Most assets requiring management were once physical; now they’re all virtualised machines and microservices. The applications being adopted today aren’t monolithic beasts as they were traditionally, but modular, cloud-native apps running in Linux containers or platforms like OpenStack (or both).

Not just the suppliers – but also the way they are sourced – has changed. In the traditional world long-term, large-scale multifaceted deals were the norm; now, there are lots of young, small suppliers, contracted in short terms or on a pay-as-you-go basis.

“You really need a different kind of IT, and people who are very good in the traditional mode aren’t necessarily the ones that will be good in this new hybrid world,” he says. “It’s not just hybrid cloud but hybrid IT.”

The challenges are cultural, organisational, and technical. According to the 2015 BCN Annual Industry Survey, which petitioned over 700 senior IT decision makers, over 67 per cent of enterprises plan to implement multiple cloud services over the next 18 months, but close to 70 per cent were worried about how those services would integrate with other cloud services and 90 per cent were concerned about how they will integrate those cloud services with their legacy or on-premise services.

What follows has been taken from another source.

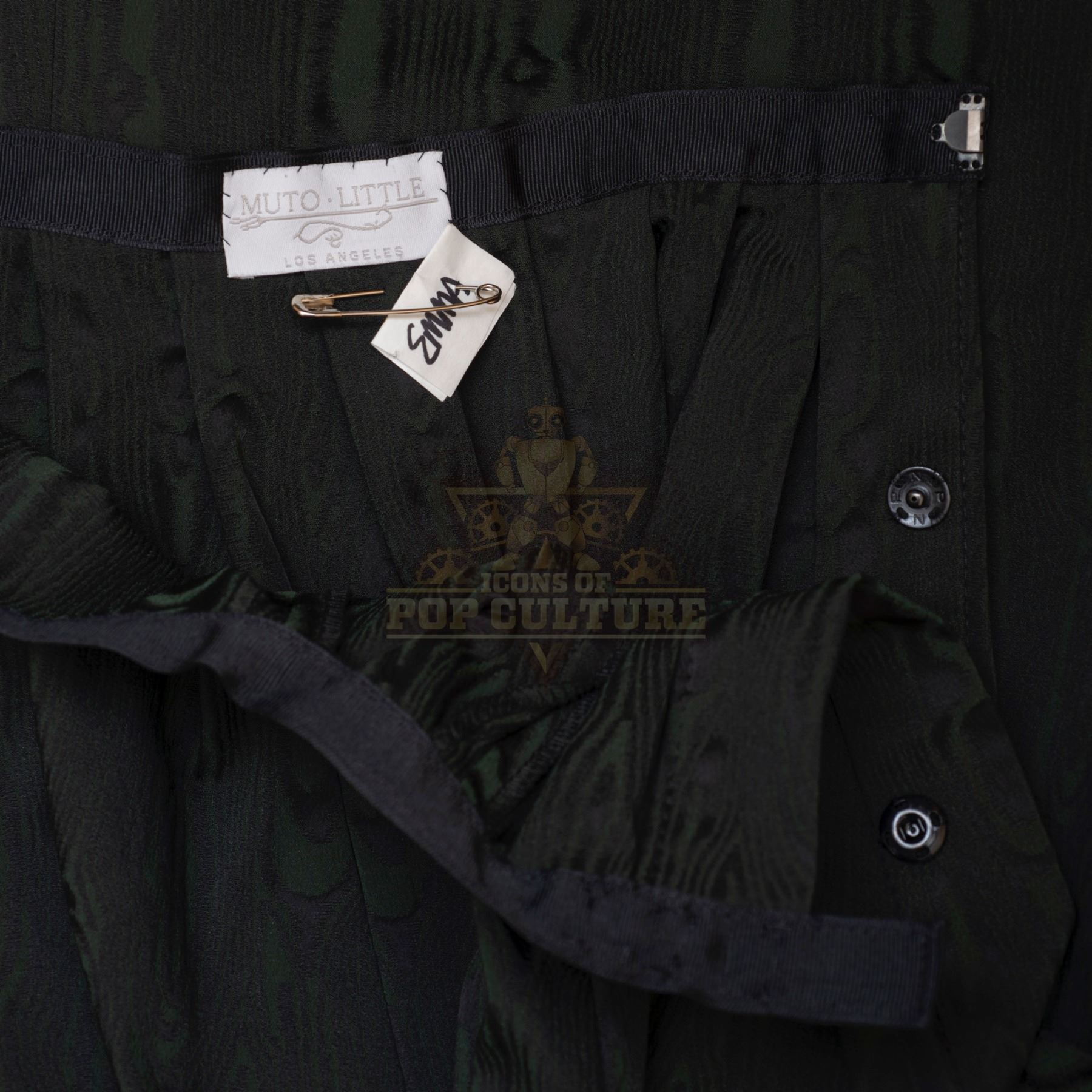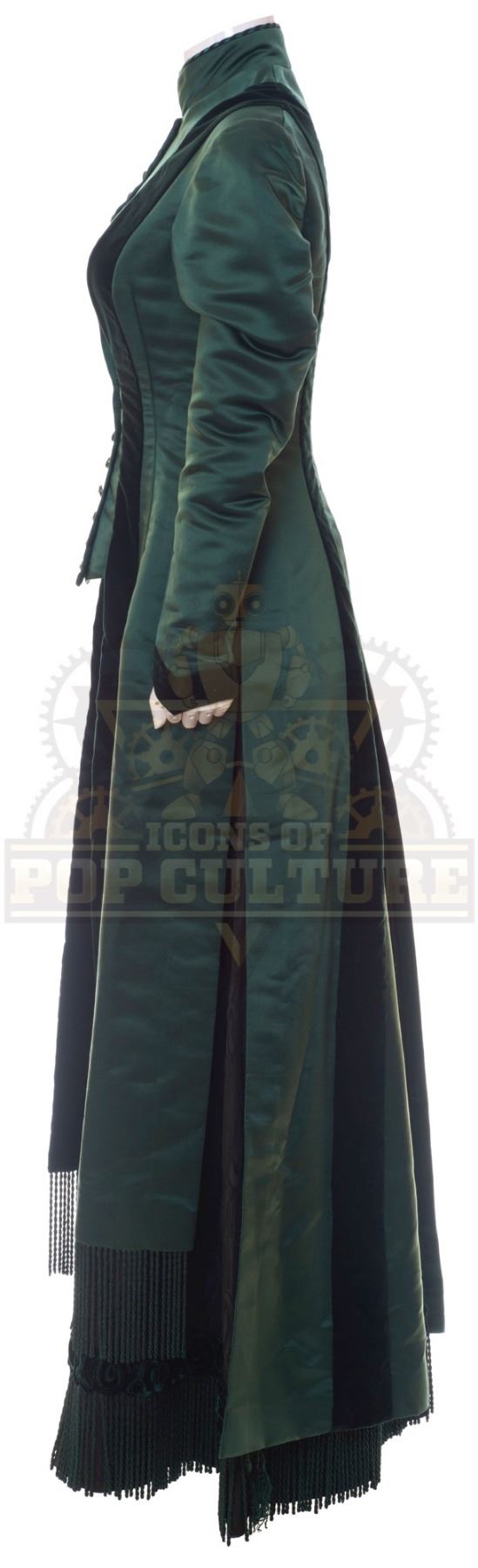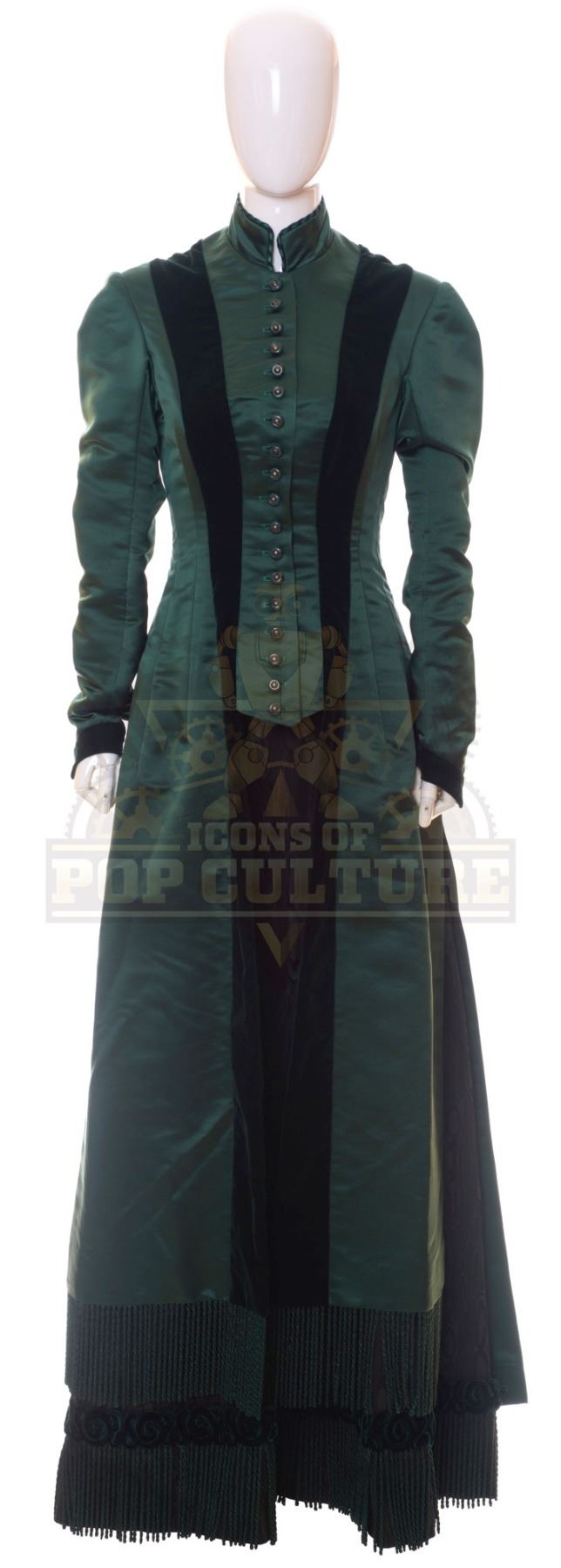 This outfit was custom-made by the production for use by Annie Wersching as “Emma Whitmore” in the season two episode titled “Chinatown”. The 1880’s style outfit consists of an emerald green dress with tassel fringe at the bottom and a dark green skirt with fringe tassels at hem.

That said, open source technologies that also make use of open standards play a massive role in ensuring cloud-to-cloud and cloud-to-legacy integrations are achievable and, where possible, seamless – one of the main reasons why Linux containers are gaining so much traction and mind share today (workload portability). And open source technology is something Red Hat knows a thing or two about.

Beyond its long history in server and desktop OSs (Red Hat Enterprise Linux) and middleware (JBoss) the company is a big sponsor and early backer of Open Stack, increasingly popular cloud building software built on a Linux foundation. It helped create an open source platform as a service, OpenShift. The company is also working on Atomic Host, an open source container-based hosting mechanism for a slimmed down version of RHEL with support for other open source container technologies including Kubernetes and Docker, the darlings of the container community.

“Our legacy in open source is extremely important and even more important in cloud than the traditional IT world,” Knoblich says.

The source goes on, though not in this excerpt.